__Work request__. Your answer must be the exact lines from the one holding "Allergy Research Group" through the final line of the records below, both included, and nothing more.

__Data records__.
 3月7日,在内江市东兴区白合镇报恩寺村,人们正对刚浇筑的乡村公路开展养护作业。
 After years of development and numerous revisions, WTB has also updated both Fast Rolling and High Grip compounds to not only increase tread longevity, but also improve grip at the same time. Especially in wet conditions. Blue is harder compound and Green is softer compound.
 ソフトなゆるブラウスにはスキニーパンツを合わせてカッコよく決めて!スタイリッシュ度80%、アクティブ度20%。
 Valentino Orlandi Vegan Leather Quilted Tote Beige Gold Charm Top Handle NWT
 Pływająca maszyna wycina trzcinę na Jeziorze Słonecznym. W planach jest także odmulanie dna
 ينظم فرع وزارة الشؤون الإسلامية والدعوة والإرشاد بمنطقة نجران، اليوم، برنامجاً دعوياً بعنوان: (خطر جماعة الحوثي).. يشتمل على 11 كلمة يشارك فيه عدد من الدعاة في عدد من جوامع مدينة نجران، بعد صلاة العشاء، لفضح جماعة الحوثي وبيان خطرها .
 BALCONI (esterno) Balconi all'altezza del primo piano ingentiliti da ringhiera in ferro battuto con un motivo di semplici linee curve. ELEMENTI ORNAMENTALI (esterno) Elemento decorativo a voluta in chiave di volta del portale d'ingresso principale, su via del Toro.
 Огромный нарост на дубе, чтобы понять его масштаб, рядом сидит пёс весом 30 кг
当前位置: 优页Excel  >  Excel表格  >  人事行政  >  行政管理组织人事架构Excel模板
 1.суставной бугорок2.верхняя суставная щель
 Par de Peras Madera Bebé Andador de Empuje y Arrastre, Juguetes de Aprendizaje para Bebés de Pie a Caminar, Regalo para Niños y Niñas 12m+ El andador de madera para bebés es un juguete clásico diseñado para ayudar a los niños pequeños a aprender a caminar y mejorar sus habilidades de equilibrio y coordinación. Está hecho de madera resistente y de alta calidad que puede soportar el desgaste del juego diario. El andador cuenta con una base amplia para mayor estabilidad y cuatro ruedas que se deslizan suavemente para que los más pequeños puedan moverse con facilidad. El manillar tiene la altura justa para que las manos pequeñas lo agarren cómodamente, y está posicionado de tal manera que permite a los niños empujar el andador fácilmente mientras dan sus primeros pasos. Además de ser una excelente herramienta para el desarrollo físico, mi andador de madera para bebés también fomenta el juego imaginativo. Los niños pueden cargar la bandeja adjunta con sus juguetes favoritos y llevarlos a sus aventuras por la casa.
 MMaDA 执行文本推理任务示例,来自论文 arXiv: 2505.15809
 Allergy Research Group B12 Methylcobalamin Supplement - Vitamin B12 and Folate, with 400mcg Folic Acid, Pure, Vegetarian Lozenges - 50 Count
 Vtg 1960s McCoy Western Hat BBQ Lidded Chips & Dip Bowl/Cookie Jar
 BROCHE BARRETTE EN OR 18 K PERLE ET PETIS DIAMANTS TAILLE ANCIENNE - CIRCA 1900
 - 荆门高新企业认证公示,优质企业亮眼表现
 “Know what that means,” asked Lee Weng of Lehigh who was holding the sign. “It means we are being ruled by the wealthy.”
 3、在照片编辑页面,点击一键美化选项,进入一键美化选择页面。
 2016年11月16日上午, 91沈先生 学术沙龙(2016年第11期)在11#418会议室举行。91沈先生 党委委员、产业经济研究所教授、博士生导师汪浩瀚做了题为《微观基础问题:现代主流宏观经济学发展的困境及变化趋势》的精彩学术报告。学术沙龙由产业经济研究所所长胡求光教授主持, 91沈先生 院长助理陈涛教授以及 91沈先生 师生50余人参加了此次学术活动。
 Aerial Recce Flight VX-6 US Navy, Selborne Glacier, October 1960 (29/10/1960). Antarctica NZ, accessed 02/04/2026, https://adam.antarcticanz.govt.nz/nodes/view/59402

__Response to this exercise__.
 Allergy Research Group B12 Methylcobalamin Supplement - Vitamin B12 and Folate, with 400mcg Folic Acid, Pure, Vegetarian Lozenges - 50 Count
 Vtg 1960s McCoy Western Hat BBQ Lidded Chips & Dip Bowl/Cookie Jar
 BROCHE BARRETTE EN OR 18 K PERLE ET PETIS DIAMANTS TAILLE ANCIENNE - CIRCA 1900
 - 荆门高新企业认证公示,优质企业亮眼表现
 “Know what that means,” asked Lee Weng of Lehigh who was holding the sign. “It means we are being ruled by the wealthy.”
 3、在照片编辑页面,点击一键美化选项,进入一键美化选择页面。
 2016年11月16日上午, 91沈先生 学术沙龙(2016年第11期)在11#418会议室举行。91沈先生 党委委员、产业经济研究所教授、博士生导师汪浩瀚做了题为《微观基础问题:现代主流宏观经济学发展的困境及变化趋势》的精彩学术报告。学术沙龙由产业经济研究所所长胡求光教授主持, 91沈先生 院长助理陈涛教授以及 91沈先生 师生50余人参加了此次学术活动。
 Aerial Recce Flight VX-6 US Navy, Selborne Glacier, October 1960 (29/10/1960). Antarctica NZ, accessed 02/04/2026, https://adam.antarcticanz.govt.nz/nodes/view/59402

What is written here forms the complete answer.